EXERCISE AIM: Only the lines from the one containing "Frida & Freddies" to the end of the data below belong in the answer, each repeated exactly; no pictures.

Content starts

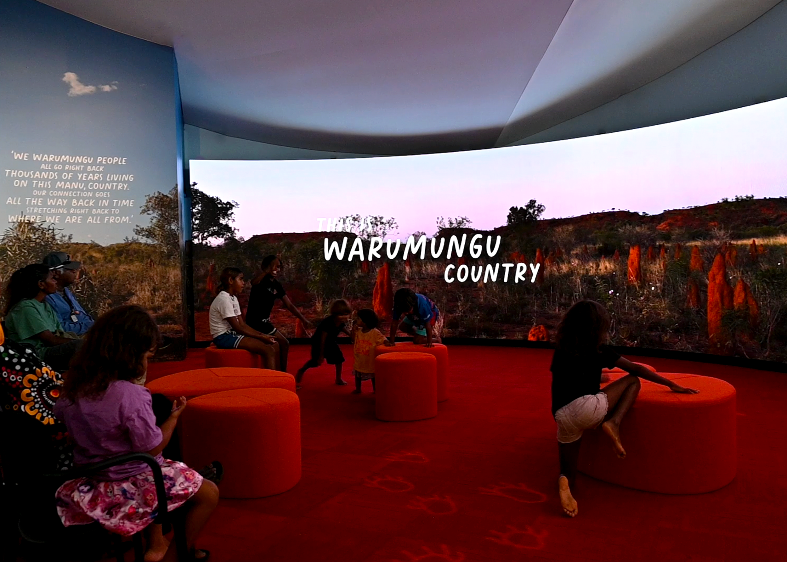 The precinct itself reflects the landscapes of Warumungu Country. The grounds include an arid-zone bush garden with native plants, a reconstructed soak, and cultural spaces such as men’s and women’s dance circles, artefact-making areas, and ceremonial fire pits used for cooking and smoking ceremonies. These outdoor areas allow the Centre to function not only as an interpretive space but also as a living cultural environment where performances, cultural activities and community gatherings can take place.
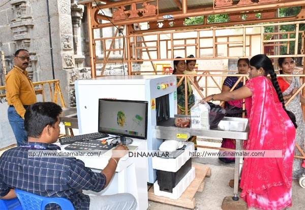 திருவண்ணாமலை அருணாசலேஸ்வரர் கோவில் கார்த்திகை தீபத்திருவிழாவை முன்னிட்டு, அம்மன் கோபுரத்தின் நுழைவுவாயிலில், பக்தர்கள் கொண்டு வரும் பை உள்ளிட்ட பொருட்களை போலீசார் கம்ப்யூட்டர் ஸ்கேனிங் மூலம் தீவிர பரிசோதனைக்குப் பிறகு அனுமதித்தனர்.
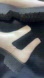 Chic cream booties with bold black panels. Sturdy sole for all-day wear. Stylish and versatile.
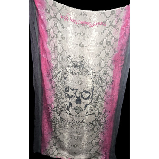 Frida & Freddies New York Gothic Skull Scarf 70% Viscose 30% Wool 45x72 Inches Pink & Gray Snake Print With Floral Accents
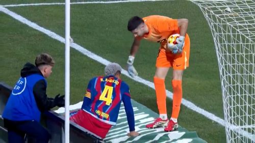 În acel moment, Joan Garcia a intervenit și a prins balonul. Fiind mulțumit de intervenția uruguayanului, portarul Barcelonei s-a dus să-l felicite, în afara terenului, acolo unde se afla Araujo în urma contactului cu Puertas.

Content ends

TASK ANSWER:
 Frida & Freddies New York Gothic Skull Scarf 70% Viscose 30% Wool 45x72 Inches Pink & Gray Snake Print With Floral Accents
 În acel moment, Joan Garcia a intervenit și a prins balonul. Fiind mulțumit de intervenția uruguayanului, portarul Barcelonei s-a dus să-l felicite, în afara terenului, acolo unde se afla Araujo în urma contactului cu Puertas.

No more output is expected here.